A região MENA (Médio Oriente e Norte de África) registou um crescimento médio de 5% durante o período 2000-2010 (muito superior ao dos países ocidentais), sem que as minorias que estão no poder há trinta anos tenham abandonado as suas acções predatórias, reforçadas pela abertura das trocas económicas.

O esgotamento do modelo de Estado rentista foi agravado pela transformação de quase todas as repúblicas árabes em dinastias familiares. Este facto conduziu a um estreitamento da oferta política, criando uma fonte adicional de descontentamento, sem perspectivas de progresso social ou de satisfação internacional.

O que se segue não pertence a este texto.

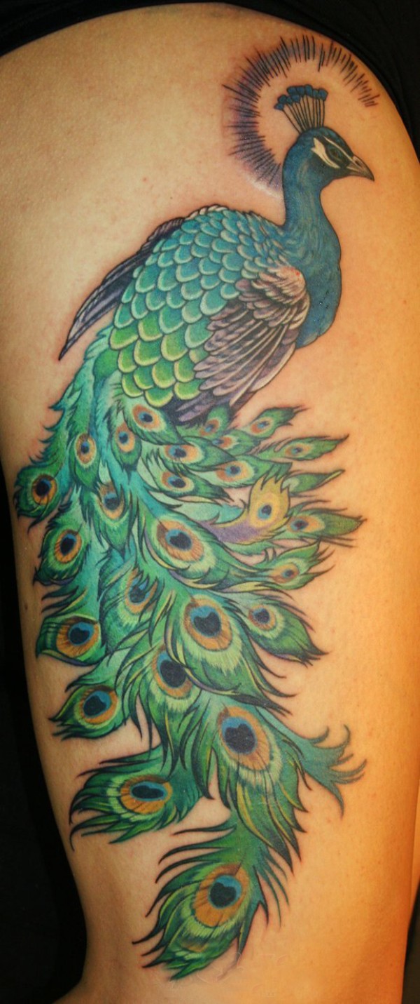孔雀纹身图片 色彩斑斓的孔雀纹身图案

Em termos de intensidade, a revolta árabe de 2011 foi assim equiparada aos grandes períodos da história dos protestos do final do século XVIII e de meados do século XIX (por volta de 1848), que, apesar de terem sido todos suprimidos, estabeleceram a ideia do Estado-nação moderno em todo o mundo. Do mesmo modo, após a Primeira Guerra Mundial (1914-1918), as revoluções bolcheviques e as revoltas dos anos 60 deram um impulso ao fenómeno da descolonização.

A Tunísia foi um sinal de alarme para os gerontocratas árabes. Mas, longe de ser um efeito dominó, o ponto de viragem da Tunísia, visto do sul do Mediterrâneo, foi mais um efeito boomerang.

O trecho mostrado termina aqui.